5.2The Corruption Problem
Here the question becomes more complicated — and more urgent. What if the humans who are doing the taming are themselves corrupted? The Quran acknowledges what it calls fasad fil ard — corruption in the land, destruction of what God has created. The corrupting agent is not nature. It is the human being who has departed from their own fıtrat, who has lost their moral orientation, whose appetites have become unmoored from purpose.
This introduces a deep tension. The human being is called to stewardship — to active, responsible engagement with nature. But the human being is also capable of profound corruption. Our record is not encouraging. Climate change, mass extinction, deforestation, soil degradation — these are the outcomes of human management that forgot it was stewardship and became exploitation.

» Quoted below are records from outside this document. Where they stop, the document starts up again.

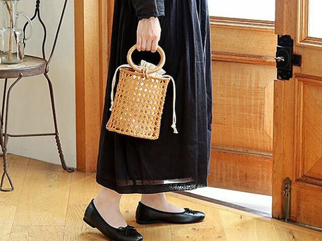 しなやかで弾力のあるラタンの皮で編まれたカゴバッグは、表面がささくれにくいというメリットも。小ぶりなサイズ感に見えますが、500mlのペットボトルとスマホやお財布もすっぽり入ります。
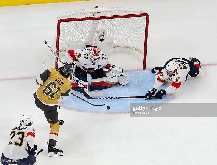 Давление «Флориды» в конце концов привело к удалению в середине периода, и в большинстве «Пантерс» организовали роскошный шанс для одиноко стоявшего перед воротами Александра Баркова. Он качнул Хилла, но тот в последний момент вытянул ногу и сумел остановить его бросок. 18 секунд спустя Стоун всё в том же меньшинстве убежал 1-в-0 и отправил шайбу под перекладину. После этого «Голден Найтс» было уже не остановить.
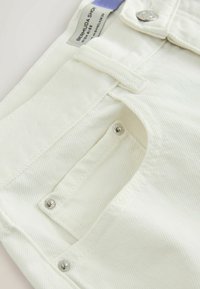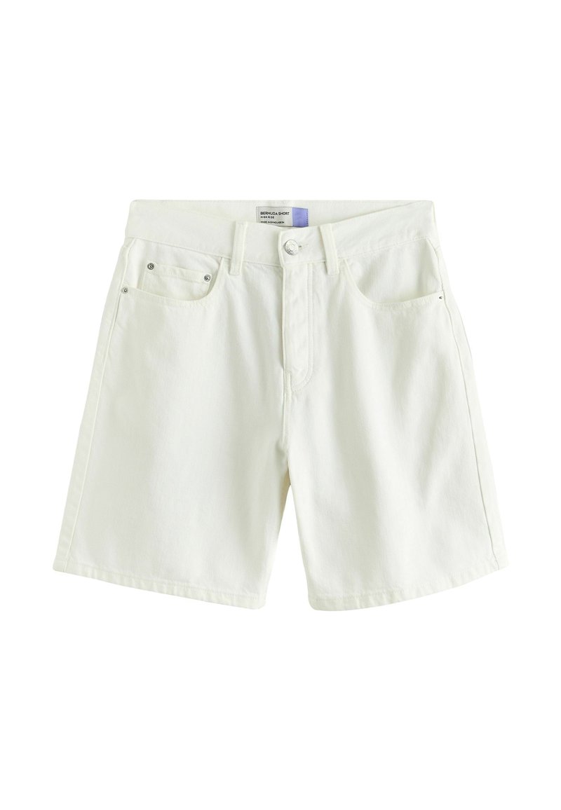 Pantalones cortos bermuda de denim blanco con bolsillos delanteros, trabillas para cinturón y cierre con botón en la cintura.
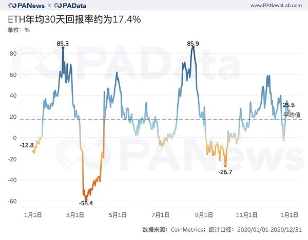 在單邊上行的趨勢下,2020年ETH持幣30天的年平均回報率約為17.4%,最高達到85.9%。
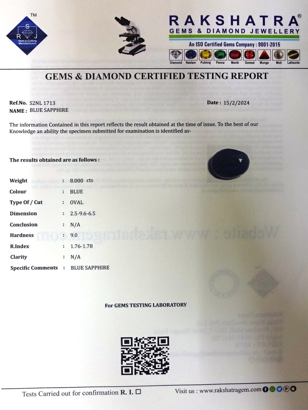 | SPECIFIC COMMENTS: | BLUE SAPPHIRE |
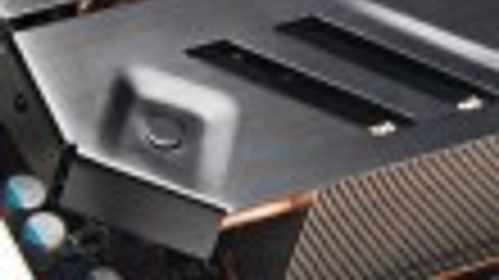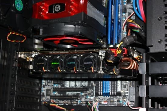 Затем, чтобы рассказать уже о реализации адаптера производителем, слово взял представитель Gigabyte. Видеокарта GV-N680SO-2GD получила целых пять вентиляторов и крупную испарительную камеру, закрывающую все основные элементы. Несмотря на столь солидную систему охлаждения, утверждается, что при этом, благодаря оптимизации воздухопотоков, продукт Gigabyte при максимальной нагрузке производит почти в два раза меньше шума, чем референсная плата NVIDIA.

Corruption has appeared on land and sea because of what people's own hands have brought about — so that they may taste something of what they have done. — Quran 30:41
So: should we tame nature, or protect it from ourselves? The honest answer is that we may need to do both — to tend where tending is needed, and to restrain our own tendency toward domination. The problem is not that we intervene in nature. The problem is the spirit of our intervention: whether it is oriented toward stewardship or extraction, toward completion or conquest.
A Synthesis
We began with a proverb and a question. We end with something that is less a conclusion than a set of orienting principles.
On human nature: Neither the Hobbesian nor the Rousseauian position is adequate on its own. The child is not born corrupt — the fıtrat doctrine preserves something important about the original goodness and moral orientation of the human person. But the child is also not born complete — the tradition of terbiye reminds us that tending, guidance, and cultivation are genuine responsibilities, not impositions. The task is not to overcome nature, nor to leave it alone, but to help it become what it is oriented toward.
On education: Systems that treat children as problems to be managed will systematically suppress the very capacities they claim to develop. Systems that treat children as self-completing automatons will abandon them to environmental influences that may be far more distorting than deliberate guidance. The orchard model — knowing what you are growing, tending it appropriately, protecting it from what would harm it, training it toward the light — is the more adequate one.
On the wider natural world: The stewardship framework dissolves the false choice between "tame nature" and "leave nature alone." The question is not whether to engage — we cannot but engage — but how. Engagement oriented by accountability, by humility, by awareness of our own tendency toward corruption, is different in kind from engagement oriented by dominance and extraction.
On the garden: Perhaps the right image is neither Versailles nor Capability Brown. It is the traditional kitchen garden — modest, functional, intimate. The gardener knows each plant. They know what each needs. They intervene constantly, but their interventions are shaped by their attention to the plant's own nature. They do not ask: how do I make this rose into a perfectly trimmed cube? They ask: what does this rose need today? And they tend accordingly.
The Question That Remains
What does it mean to tend human nature — individually and collectively — when the very instruments of tending (institutions, ideologies, religions, education systems) are themselves produced by humans who are themselves in need of tending? The circularity is not a problem to be solved but a tension to be lived — with honesty, with humility, and with attention to the original compass bearing that, the tradition tells us, was given before any of our systems existed.
Bakarsan bağ olur, bakmazsan dağ.
Tend it, and it becomes a vineyard. Leave it, and it returns to mountain.